Wednesday, 5 February 2014

BUNCH OF FIVES

When I was at junior school our rather austere classroom had a series of small cards pinned in a line around the walls. Each card had a black dot, or dots, corresponding with numbers from one to ten, the idea being that they would help us 'visualise' the numbers during mental arithmatic exercises. Whether it worked or not I don't know, but I was rotten at numbers (and maths in general), anyway. What I do know is that I have always remembered those damned dots, and even now, seventy years on from junior school, the cards and their patterns still come to mind if I am trying to do sums in my head.
My favourite number was five. I don't know why. It just looked neat, I suppose. Four dots in a square with a fifth in the centre. Later, I found another way to count five. A football team forward-line. Matthews, Mortensen, Lawton, Mannion and Finney (England). Or possibly Delaney, Morris, Rowley, Pearson and Mitten (Manchester United). Or at a push, Waddell, Johnstone, Reilly, Steel and Liddell (Scotland).
Beautiful. The sum total of football, plus arithmatic of the highest order.

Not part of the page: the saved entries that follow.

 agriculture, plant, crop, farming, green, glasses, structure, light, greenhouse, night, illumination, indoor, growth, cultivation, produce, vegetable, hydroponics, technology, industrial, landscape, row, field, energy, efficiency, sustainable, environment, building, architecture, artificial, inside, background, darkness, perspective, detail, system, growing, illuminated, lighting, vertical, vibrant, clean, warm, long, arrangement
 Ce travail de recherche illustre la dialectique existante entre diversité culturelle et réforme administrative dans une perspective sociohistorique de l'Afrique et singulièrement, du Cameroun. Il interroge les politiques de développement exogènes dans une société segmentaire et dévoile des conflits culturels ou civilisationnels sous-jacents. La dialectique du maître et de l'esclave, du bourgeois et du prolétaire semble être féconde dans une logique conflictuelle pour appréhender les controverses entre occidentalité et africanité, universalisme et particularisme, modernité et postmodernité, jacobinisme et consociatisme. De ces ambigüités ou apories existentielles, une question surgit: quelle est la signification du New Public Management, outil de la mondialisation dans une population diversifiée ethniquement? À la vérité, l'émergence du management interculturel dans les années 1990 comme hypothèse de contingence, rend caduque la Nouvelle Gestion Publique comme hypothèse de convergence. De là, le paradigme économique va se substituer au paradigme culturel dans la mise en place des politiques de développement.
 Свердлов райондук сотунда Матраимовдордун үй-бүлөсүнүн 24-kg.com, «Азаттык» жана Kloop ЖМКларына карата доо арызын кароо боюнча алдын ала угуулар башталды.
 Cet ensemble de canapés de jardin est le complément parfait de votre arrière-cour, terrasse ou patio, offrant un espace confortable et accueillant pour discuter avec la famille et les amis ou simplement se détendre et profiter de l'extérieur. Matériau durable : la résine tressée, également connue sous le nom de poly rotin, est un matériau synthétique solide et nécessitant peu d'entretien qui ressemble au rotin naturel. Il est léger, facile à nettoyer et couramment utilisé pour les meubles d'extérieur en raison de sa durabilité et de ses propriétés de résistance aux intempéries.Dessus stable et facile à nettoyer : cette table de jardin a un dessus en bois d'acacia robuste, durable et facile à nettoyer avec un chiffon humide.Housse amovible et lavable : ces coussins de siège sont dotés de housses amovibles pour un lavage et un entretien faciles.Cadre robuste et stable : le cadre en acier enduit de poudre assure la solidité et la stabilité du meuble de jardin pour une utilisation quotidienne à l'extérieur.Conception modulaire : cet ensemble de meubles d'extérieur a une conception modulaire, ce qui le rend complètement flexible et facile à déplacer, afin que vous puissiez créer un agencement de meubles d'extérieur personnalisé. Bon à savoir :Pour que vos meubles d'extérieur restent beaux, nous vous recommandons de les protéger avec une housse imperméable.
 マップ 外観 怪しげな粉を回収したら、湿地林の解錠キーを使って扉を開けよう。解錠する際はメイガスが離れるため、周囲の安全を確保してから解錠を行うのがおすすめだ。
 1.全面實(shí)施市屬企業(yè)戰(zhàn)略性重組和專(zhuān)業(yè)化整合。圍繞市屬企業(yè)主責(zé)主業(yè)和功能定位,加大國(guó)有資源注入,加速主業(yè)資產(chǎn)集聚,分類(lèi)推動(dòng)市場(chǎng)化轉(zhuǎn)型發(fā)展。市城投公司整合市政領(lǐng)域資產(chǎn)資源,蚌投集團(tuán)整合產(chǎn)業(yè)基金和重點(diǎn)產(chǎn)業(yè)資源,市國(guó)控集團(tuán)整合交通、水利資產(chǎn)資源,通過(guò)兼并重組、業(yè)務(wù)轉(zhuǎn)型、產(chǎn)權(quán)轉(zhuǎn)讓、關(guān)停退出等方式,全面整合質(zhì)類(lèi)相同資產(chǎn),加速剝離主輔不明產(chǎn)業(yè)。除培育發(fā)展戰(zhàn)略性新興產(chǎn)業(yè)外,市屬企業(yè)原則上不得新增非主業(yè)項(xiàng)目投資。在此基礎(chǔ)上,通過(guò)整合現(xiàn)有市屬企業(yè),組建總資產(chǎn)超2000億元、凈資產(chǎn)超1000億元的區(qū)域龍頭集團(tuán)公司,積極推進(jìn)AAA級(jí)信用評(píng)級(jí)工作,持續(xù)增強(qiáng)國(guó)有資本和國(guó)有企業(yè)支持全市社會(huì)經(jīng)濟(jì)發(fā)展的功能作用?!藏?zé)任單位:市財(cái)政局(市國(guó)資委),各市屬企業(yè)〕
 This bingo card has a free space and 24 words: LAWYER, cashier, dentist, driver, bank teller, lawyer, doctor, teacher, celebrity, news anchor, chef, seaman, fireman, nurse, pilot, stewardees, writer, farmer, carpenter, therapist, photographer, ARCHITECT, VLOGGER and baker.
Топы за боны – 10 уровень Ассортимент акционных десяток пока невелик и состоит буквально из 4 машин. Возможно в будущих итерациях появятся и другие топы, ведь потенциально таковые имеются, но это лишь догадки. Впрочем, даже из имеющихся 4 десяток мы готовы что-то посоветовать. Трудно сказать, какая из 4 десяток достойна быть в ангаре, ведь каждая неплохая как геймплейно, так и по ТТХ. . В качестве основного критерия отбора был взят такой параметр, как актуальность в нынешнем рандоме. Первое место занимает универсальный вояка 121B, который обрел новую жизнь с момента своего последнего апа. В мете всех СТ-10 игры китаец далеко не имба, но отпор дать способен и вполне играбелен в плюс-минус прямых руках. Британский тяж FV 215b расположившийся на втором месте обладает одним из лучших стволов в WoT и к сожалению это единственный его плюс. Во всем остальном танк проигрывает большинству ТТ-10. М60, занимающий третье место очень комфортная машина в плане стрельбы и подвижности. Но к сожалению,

Closer to home were the two local teams: Paul, Cluroe, Jeffries, Ryder and Middlemass (Spalding United), and Hutchinson, Megginson, Sharman, Fox and Stamp (Holbeach United). The names and sequences roll off the tongue like sporting poetry. Two wingers, two inside-forwards, and a centre-forward. A tribute to precision and efficiency.
I can even slot some of these bunches of fives into a dating framework, like: Hurst, O'Linn, Vaughan, Kiernan and Duffy (Charlton Athletic, early 1950s), and: Griffin, Ryan, Allen, Nicholls and Lee (West Bromwich Albion, late 1950s), with dear old George Lee out there on the left-wing. He won an England cap and a Cup-winners' medal, and I used to watch him at the Hawthorns while doing my National Service. Later, he became trainer/coach with Norwich City and a friendly and football-wise travelling companion on the Canaries' team coach in the days when this journalist was allowed into the inner sanctum. George even had to give me first-aid on a couple of occasions when travel sickness threatened.
Also in the 1950s, of course, was: Budai, Kocsis, Hidegkuti, Puskas and Czibor. This was one of the great forward-lines of the famous Hungarian (mostly Honved) side which demolished England, pricked our bubble of complacency, and showed that the rest of the world could play football, too, and more, that they even trained harder and had better coaches. Later, in 1960, to emphasise the matter further, there was Real Madrid: Canario, Del Sol, Di Stefano, Pushas and Gento. Football heaven, it seemed at the time.
As long ago as 1954/55 the Playfair Annual editor was moved to lament: 'Never have so many countries stood above us in the world rankings, and our decline, gradual in recent years, has been hastened to conclusiveness by events of the past twelve months.' He was talking about the Hungarians, Germans and Uruguyans. By the late 1950s, however, another fine 'bunch of fives' had popped up ready to dominate my working life for the next decade or two: Crossan, Allcock, Bly, Hill and Brennan (Norwich City).
Not for another few years would mid-field control become the basis of the game, the famous fives gradually becoming four, and then three, then two, and now often one.
Mental arithmatic has never been the same.